不,出現的不是正主,不是黃英他本人,準確的說應該是黃英本人所使的妖法。
凡是本事到一定的鬼物,隔空取物,口吐陰霧等等的神通都會略懂一二。而現在,直撲我面門的不是什麼鬼,也不是什麼陰霧,而是大廳裡的一張沙發。
我凝神聚氣的等待著黃英的出現,卻不料她實在是太過狡猾,知道正面迎敵不是我的對手,給我來了這一招,打了我一個措手不及。
電光火閃的剎那,我一個縱身跳到旁邊,那撲面而來的沙發砸到我坐著那椅子,和旁邊的桌子上,撲通一聲,把桌子椅子都砸了個稀巴爛。
連開聲說話的時間都沒有,在我堪堪避過了這沙發的攻擊之後,屋子裡的所有東西都像長了眼睛一樣向我飛來,什麼椅子,水壺,應有盡有,砸的我抱著腦袋跑頭亂竄。
過程中,好幾樣東西和我的身體來了一個親密接觸,比如那水壺,砸到我身上之後水花四濺,燙的我一陣子呲牙咧嘴,有苦也說出來。
我狠狠咬牙於黃英的狡猾,不出來與我三頭六面說個清楚,反而躲在暗處使這樣的陰招。同時我也恨不得狠狠的揍自己一頓,早知道,我就不應該把三昧真火符收起來,至少按照目前的情況來看,三昧真火符一燒,能逼得黃英現出原形。
燈已經滅了,四周的情況又是這麼凌亂不堪,我像只被貓追趕的老鼠般四處躲閃,找著屋子裡的障礙物保護自己。
終於,逃竄多次之後,讓我找到了一張足以阻擋我身子的沙發。我死死的捂住沙發,害怕黃英一個隔空取物,連沙發都給我撬了起來,到那時候,我可連最後保命的機會都麼有了。

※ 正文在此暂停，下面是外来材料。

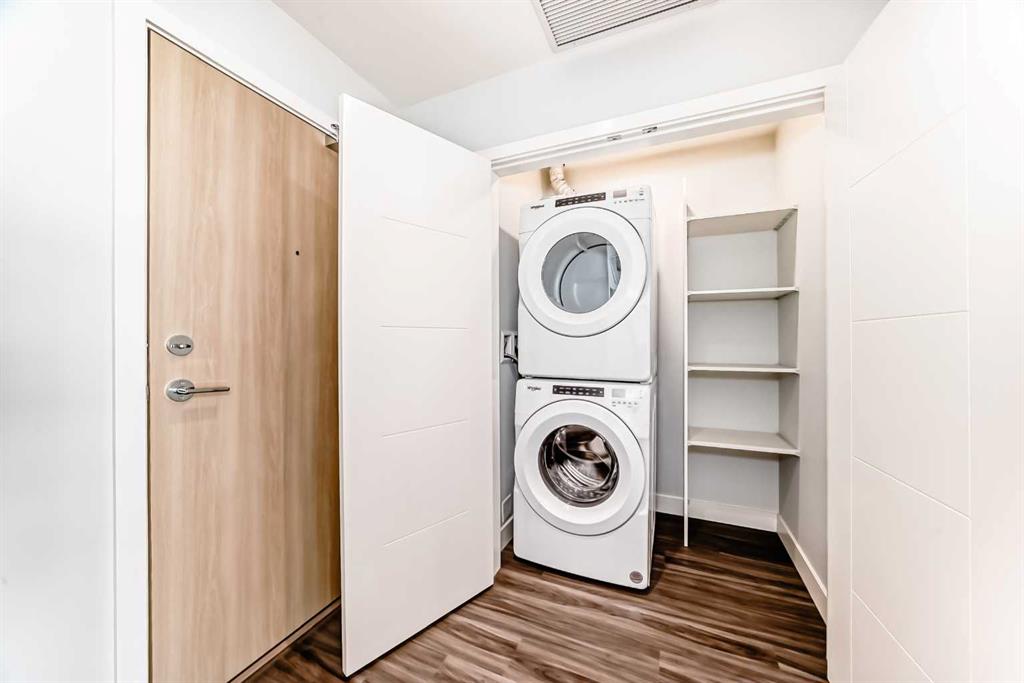 One of the most exceptional features of this residence is the floor-to-ceiling windows that frame the entire living space. Natural light floods every room, creating an inviting ambiance throughout the day. For those who love to cook and entertain, the gourmet kitchen is a dream come true, equipped with a premium European appliance package, and an oversized pantry (which is exclusive to this suite + one other 2-bed in the building). Featuring quartz countertops, 5-burner gas stove, Blomberg refrigerator and a built-in microwave. The dining area centres the open concept space with plenty of casually elegant space for meals and entertaining. Loaded with distinctive details and modern conveniences, including USB smart plugs, atmospheric lighting and more, your home is designed for maximum comfort.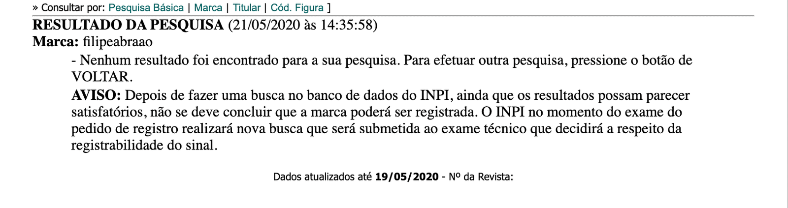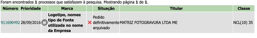 Se o resultado não trouxer nenhum registro de marca, é bem provável que esteja disponível, porém no momento do exame o pedido será submetido a um novo exame técnico.

然而讓我奇怪的是,黃英並沒有取走遮擋我的沙發,而且她攻擊我的方式很奇怪,只是用東西不停的砸擋在我面前的沙發,並沒有傷害我的意圖。
她這是在幹嘛?警告我嗎?
我百思不得其解,我想黃英應該也知道,既然我來了,就肯定不會這麼輕易退走,除非她能打死我,不然我總得見上她一面。但她所做的一切似乎並沒有傷害我的意圖,攻擊雖然凌厲,廳子裡的東西像雨一樣砸著阻擋住我的沙發,卻沒有一個是落到我身邊的。我雖然不知道我現在廳子的何處,但我敢肯定,我身處的不是廳子的死角,在我面前有著沙發擋著,但是我的身後空無一物,是一個空門。黃英要是想傷害我,大可以把擋在我面前的沙發取走,既然她可以隔空取物,取走一個沙發不是什麼大問題,況且第一次朝我面門撲來的就是沙發。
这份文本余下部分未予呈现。